Victim Tried to Pick up Reptile with BBQ Tongs
A rattlesnake bit a man Saturday evening in the Temescal Canyon area and he was transported to a nearby hospital. Riverside County Animal Services responded and an officer removed the snake.
It was reported that the victim tried to pick up the snake with barbecue tongs and he was bit in the left hand near his thumb. He remained in the hospital on Monday afternoon, but said he was doing “remarkably well” and expected to be released later today. (He said he wanted to remain anonymous.) He said the barbecue tongs were about 14 inches long, but joked in a text message: “Not long enough!”
Firefighters from Riverside County Fire Station No. 64 responded at about 5:15 p.m. to a property on Elderberry Lane in Sycamore Creek, a development just south of Corona. The firefighters provided treatment before the victim went to the hospital in an ambulance.
The rattler was euthanized later Saturday after Officer Mike McGee determined it would not be safe to release the snake near the community.
“We try to release a rattlesnake within one mile of where we remove it from, but it was highly likely this snake might end up in one of the adjacent homes again,” McGee said. “I didn’t believe a routine release would be prudent this time.”
As temperatures have climbed in recent weeks, so have the number of rattlesnake sightings. Officer McGee has responded to at least four calls in the past couples of weeks or so — and safely removed and released two rattlesnakes. One of those releases included a snake very similar in species and size in comparison to the snake from Saturday’s incident.
Reportedly, the victim was trying to remove the snake to protect the children in the area, but Animal Services Commander Chris Mayer advised against using cooking utensils when dealing with dangerous reptiles.
“A coiled rattlesnake can strike the length of its body and the bites are painful and, in some rare cases, fatal,” Mayer said.
Mayer said the public can learn more about what they can do if they encounter a rattlesnake — and how to make a yard more rattlesnake-proof by visiting Animal Services Website.

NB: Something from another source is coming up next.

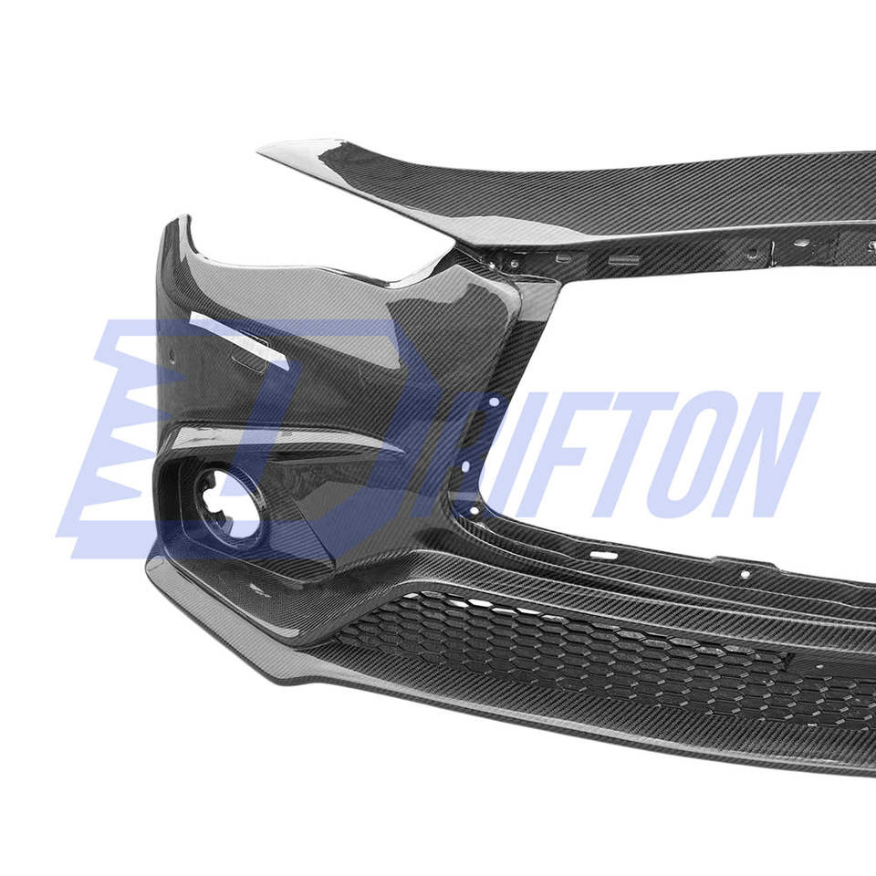 กันชนหน้าคาร์บอนไฟเบอร์สำหรับ Infiniti Q60 รุ่นปี 2016-2022 ยี่ห้อ New Drifton ลายทอ 3K/6K/12K ผิวเงาและด้าน ติดตั้งแบบ Bolt-On พร้อมป้องกันรังสียูวี

When Officer McGee arrived at the Sycamore Creek property, the rattlesnake was coiled near some bushes. He used his equipment — tongs that reach about 5 feet — and a humane storage bucket. A crowd had gathered and he said some were surprised he was going to use what some described as “garden tools.”

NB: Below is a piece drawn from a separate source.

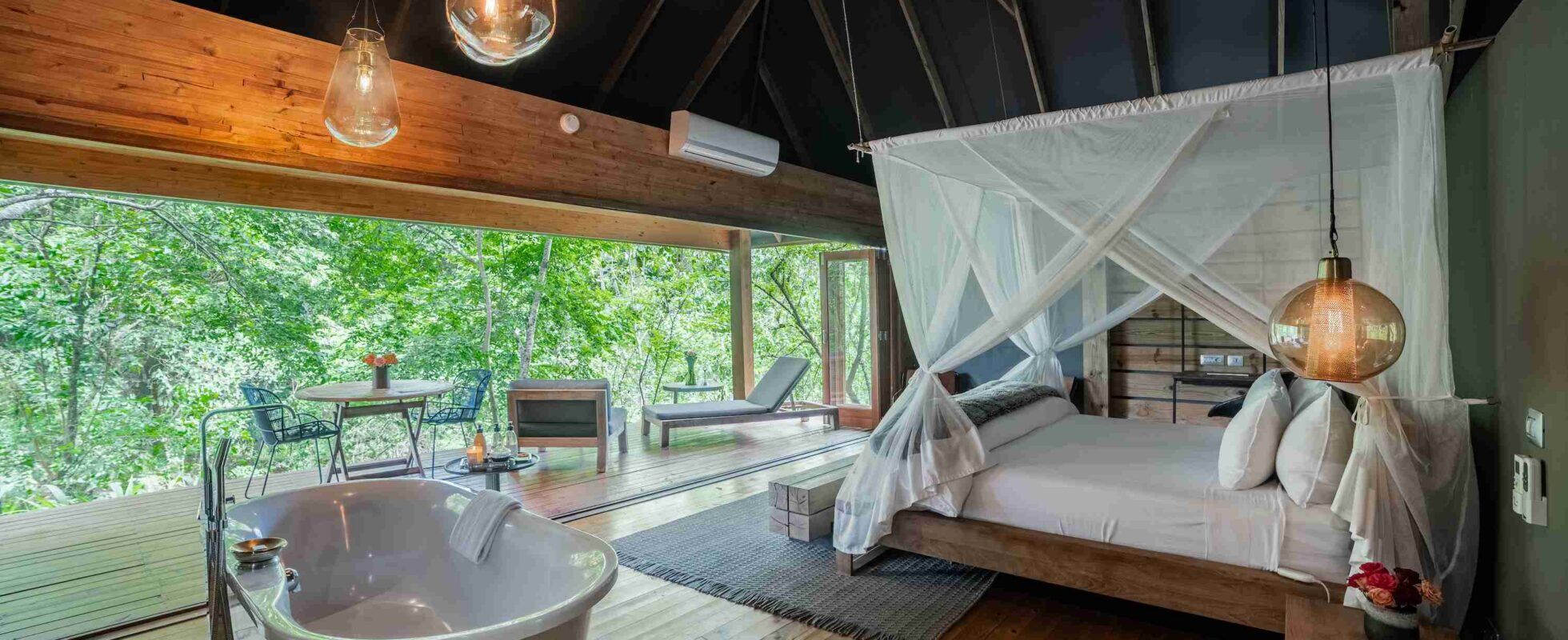 Le Summerfields Rose Retreat and Spa est un établissement 5 étoiles niché dans une plantation de macadamia au bord de la rivière Sabie, à seulement 18 kilomètres du parc national Kruger. Il propose des suites dotées d’une salle de bains attenante (avec douche extérieure et articles de toilette de luxe), d’une terrasse privée et d’autres équipements haut de gamme. Le petit-déjeuner, le déjeuner et le dîner sont préparés avec soin avec des légumes frais de saison, récoltés directement dans la pépinière biologique de l’établissement, et servis exclusivement aux clients de l’établissement. Après vos repas, laissez-vous tenter par un soin au spa au bord de la rivière ou profitez de la piscine. Une belle adresse pour une parenthèse luxueuse en pleine nature.

It should be noted all Riverside County Animal Services officers have been trained to remove properly and safely rattlesnakes. Nonetheless, some officers admit that the heart begins to pump faster.

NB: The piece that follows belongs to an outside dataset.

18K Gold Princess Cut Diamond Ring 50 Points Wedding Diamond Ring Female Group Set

“There’s always adrenaline,” McGee said. “Every time your alerts are always up. You don’t want to get too comfortable.”
Many people had their phones out to take photos and video footage of his interactions with the snake, he said. He reached for the reptile, captured it, but was concerned about how tight he had the snake. “One man had gotten too close with his phone and I had to tell him to move back because I wasn’t sure if I had a firm grip,” McGee said.
Once he had the tongs around the snake, it wiggled and flailed, “much like a bass does when caught on a line,” he said. McGee placed the snake in the bucket and shook it loose and then placed the lid on top.
Some people cheered his efforts and said it was the biggest incident that had happened in their area for a very long time.
“Some of the children were saying, ‘bye, Mr. Snake,’” McGee said.